§ PROBLEM:
Your answer must be the data repeated exactly, with no pictures in it.

§ PROVIDED RECORDS:
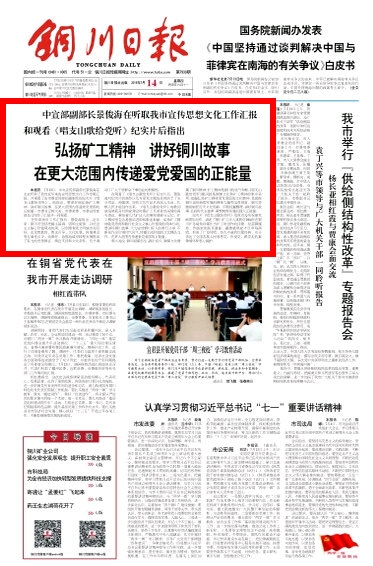 紀(jì)實(shí)片《唱支山歌給黨聽》是我市為慶祝建黨95周年而作,講述了銅川礦工詩人姚筱舟1958年在銅川礦務(wù)局焦坪煤礦當(dāng)?shù)V工時創(chuàng)作的詩歌,經(jīng)雷鋒摘抄、作曲家朱踐耳譜曲、藏族歌唱家才旦卓瑪演唱,形成了廣為傳唱、經(jīng)久不衰的紅歌經(jīng)典,充分表達(dá)了全國各族人民感恩黨、熱愛黨、跟黨走的真摯情懷和衷心擁護(hù)。
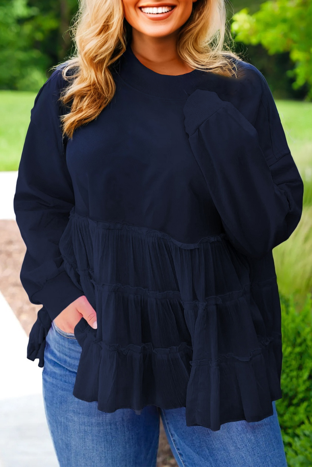 Plus Size Solid Ruffle Tiered Ribbed Crewneck Top
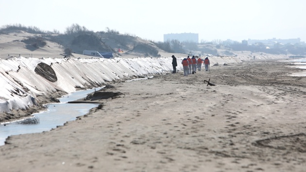 В четверг днем разбушевавшееся Черное море смывало валы, установленные в Анапе для защиты от нефтепродуктов после аварии двух танкеров в Керченском проливе.
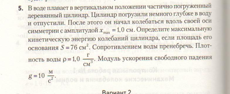 Eк=A=p*g*S*X²/2=1000*10*76*10^-4*10^-4/2=3,8*10^-3 Дж
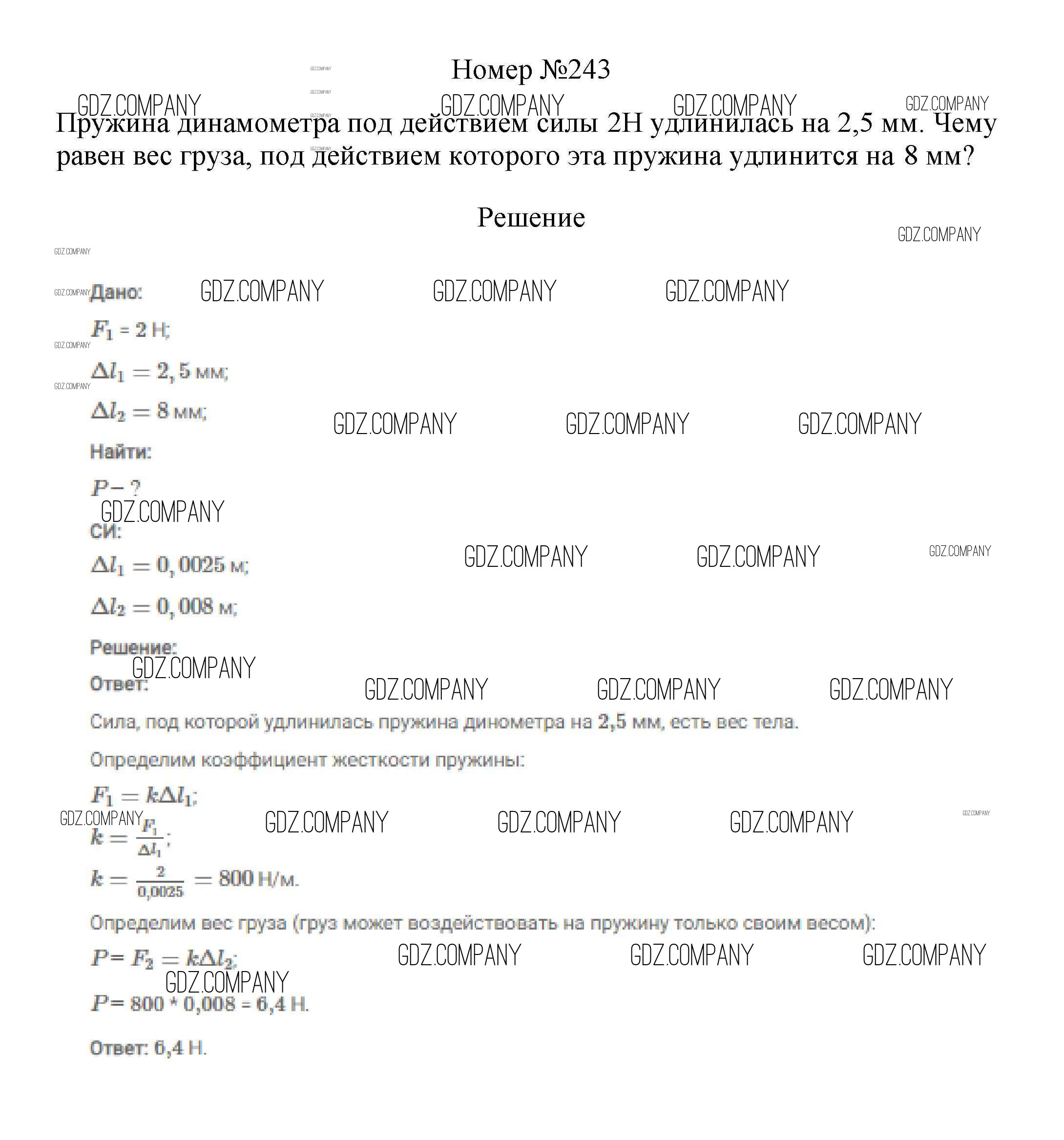 Здесь готовые ответы по Физике за 7 (седьмой) класс от Марон, Позойский Сборник вопросов и задач Вертикаль (издательство: Дрофа от 2013 г.) № 243
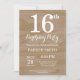 Rustic 16:e födelsedagsinbjudan inbjudningar
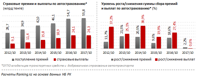В 2017 году в среднем хозяин за свой транспорт заплатил по 10,6 тыс. тенге за обязательную страховку, это всего на 1,4% больше затрат на страховку в прошлом году. Раньше эта сумма росла на 6,8% в год.
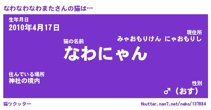 | ポケモン風あだ名 | 『ナワチュウ』『ナワナダネ』 |
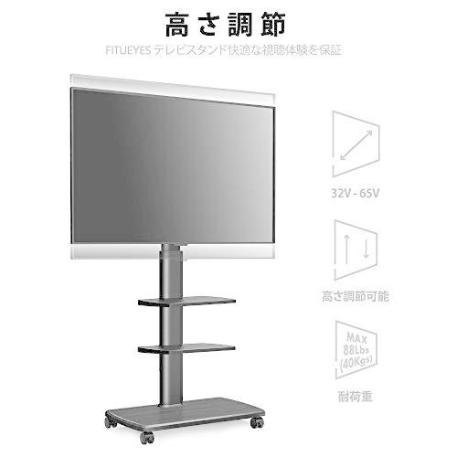 FITUEYES テレビスタンド 32*70型対応 キャスター付き 高さ角度調節可能 移動式 木目調 ブラック 中段棚二枚付 棚板無階段調節 TT306503GB
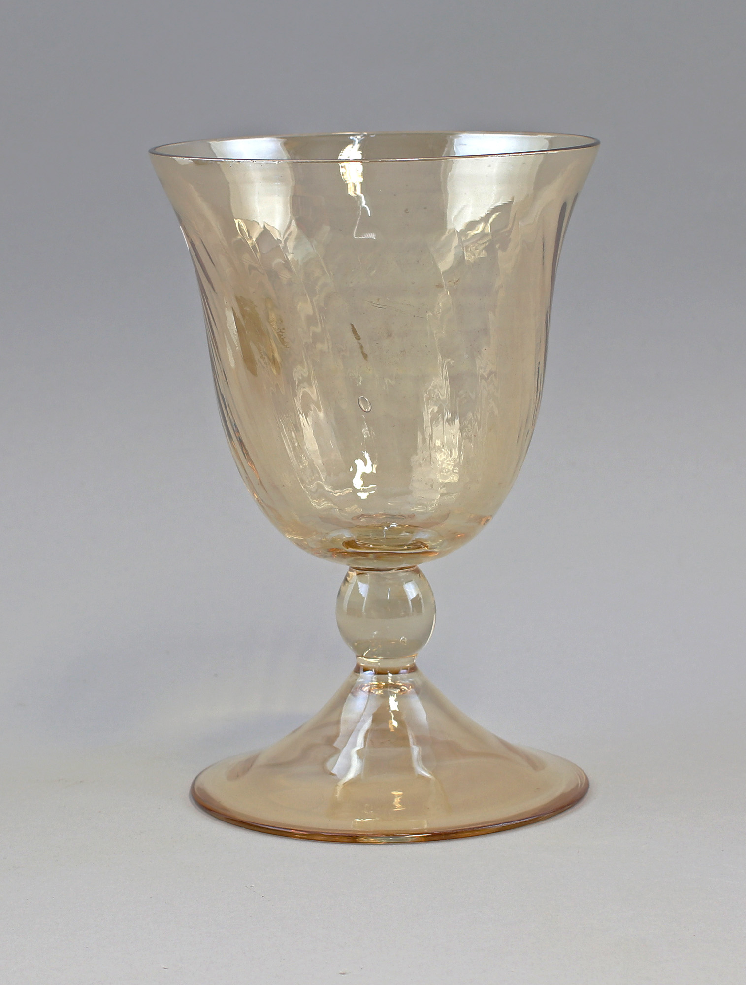 um 1925, Bayrischer Wald, bernsteingetöntes Glas formgeblasen und irisiert, H 19,5 cm
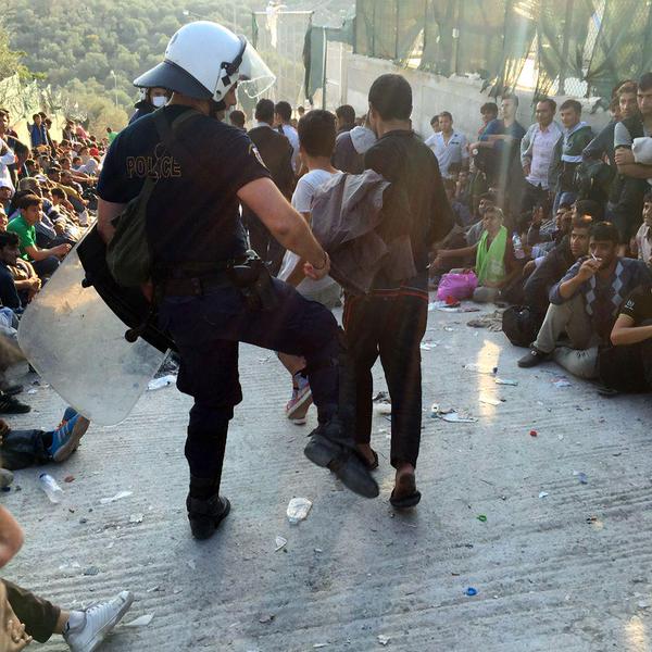 Τον γύρο του κόσμου μέσω των κοινωνικών δικτύων κάνουν τις τελευταίες ώρες οι φωτογραφίες ενός αστυνομικού που κλωτσάει πρόσφυγες στο Κέντρο Υποδοχής Μεταναστών στη Μοριά της Λέσβου.
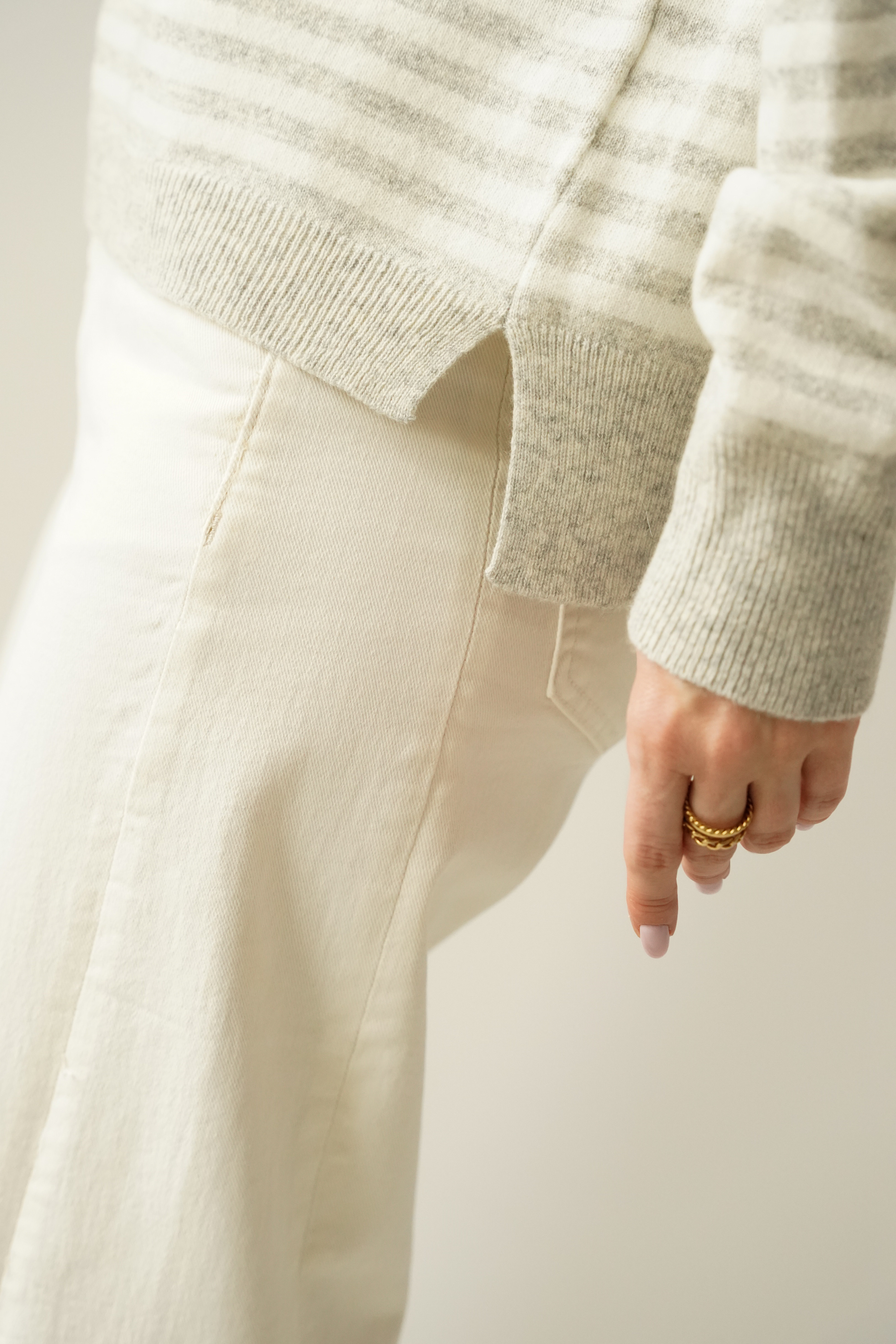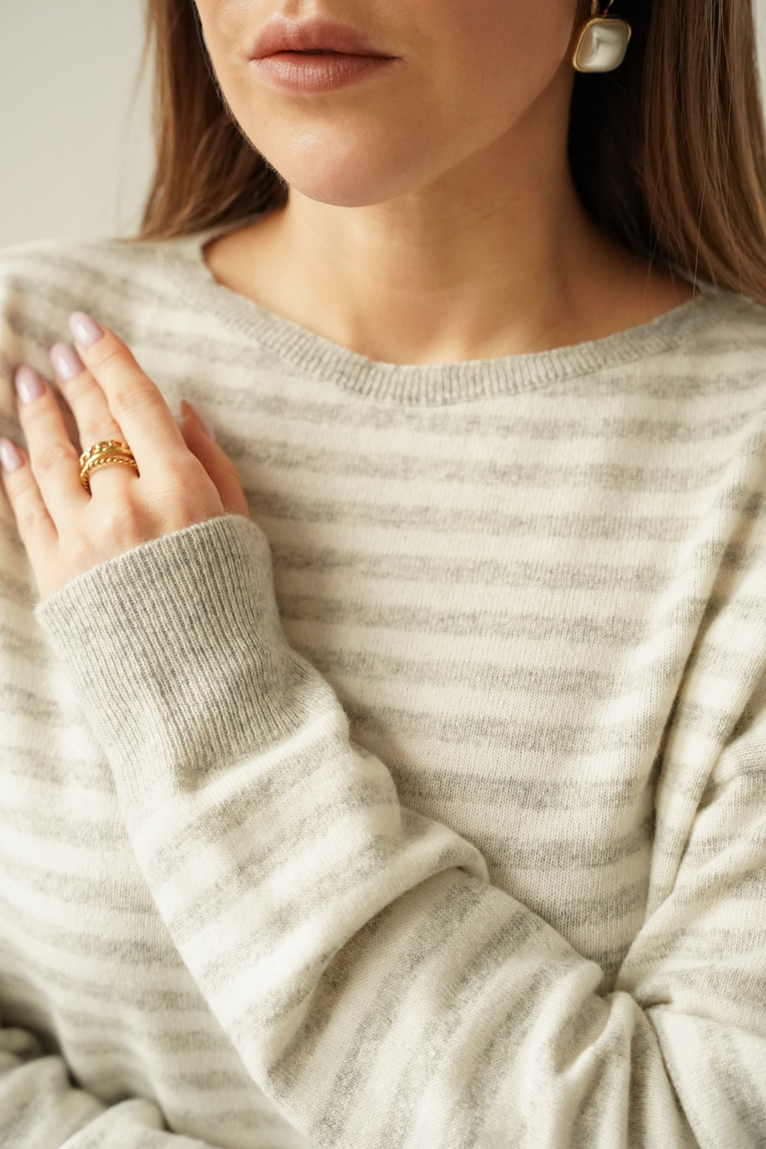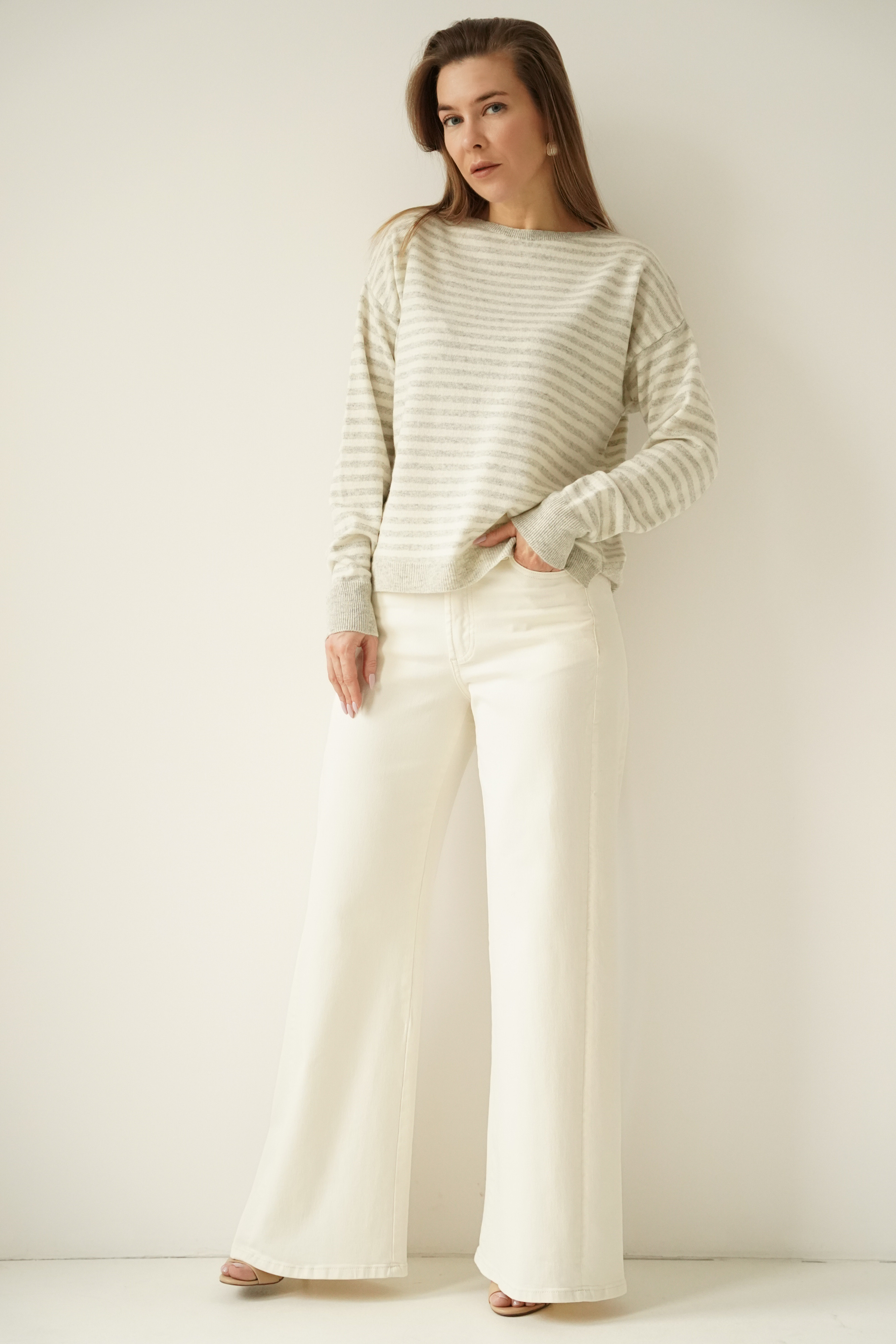 MAELLE is a loose, feminine jumper with a slightly extended back and side slits. Made from a soft blend of cashmere and virgin wool. Pastel stripes and light weight make it the perfect choice for the spring–summer season.

§ RESULT OF THE EXERCISE:
 紀(jì)實(shí)片《唱支山歌給黨聽》是我市為慶祝建黨95周年而作,講述了銅川礦工詩人姚筱舟1958年在銅川礦務(wù)局焦坪煤礦當(dāng)?shù)V工時創(chuàng)作的詩歌,經(jīng)雷鋒摘抄、作曲家朱踐耳譜曲、藏族歌唱家才旦卓瑪演唱,形成了廣為傳唱、經(jīng)久不衰的紅歌經(jīng)典,充分表達(dá)了全國各族人民感恩黨、熱愛黨、跟黨走的真摯情懷和衷心擁護(hù)。
 Plus Size Solid Ruffle Tiered Ribbed Crewneck Top
 В четверг днем разбушевавшееся Черное море смывало валы, установленные в Анапе для защиты от нефтепродуктов после аварии двух танкеров в Керченском проливе.
 Eк=A=p*g*S*X²/2=1000*10*76*10^-4*10^-4/2=3,8*10^-3 Дж
 Здесь готовые ответы по Физике за 7 (седьмой) класс от Марон, Позойский Сборник вопросов и задач Вертикаль (издательство: Дрофа от 2013 г.) № 243
 Rustic 16:e födelsedagsinbjudan inbjudningar
В 2017 году в среднем хозяин за свой транспорт заплатил по 10,6 тыс. тенге за обязательную страховку, это всего на 1,4% больше затрат на страховку в прошлом году. Раньше эта сумма росла на 6,8% в год.
 | ポケモン風あだ名 | 『ナワチュウ』『ナワナダネ』 |
 FITUEYES テレビスタンド 32*70型対応 キャスター付き 高さ角度調節可能 移動式 木目調 ブラック 中段棚二枚付 棚板無階段調節 TT306503GB
 um 1925, Bayrischer Wald, bernsteingetöntes Glas formgeblasen und irisiert, H 19,5 cm
 Τον γύρο του κόσμου μέσω των κοινωνικών δικτύων κάνουν τις τελευταίες ώρες οι φωτογραφίες ενός αστυνομικού που κλωτσάει πρόσφυγες στο Κέντρο Υποδοχής Μεταναστών στη Μοριά της Λέσβου.
 MAELLE is a loose, feminine jumper with a slightly extended back and side slits. Made from a soft blend of cashmere and virgin wool. Pastel stripes and light weight make it the perfect choice for the spring–summer season.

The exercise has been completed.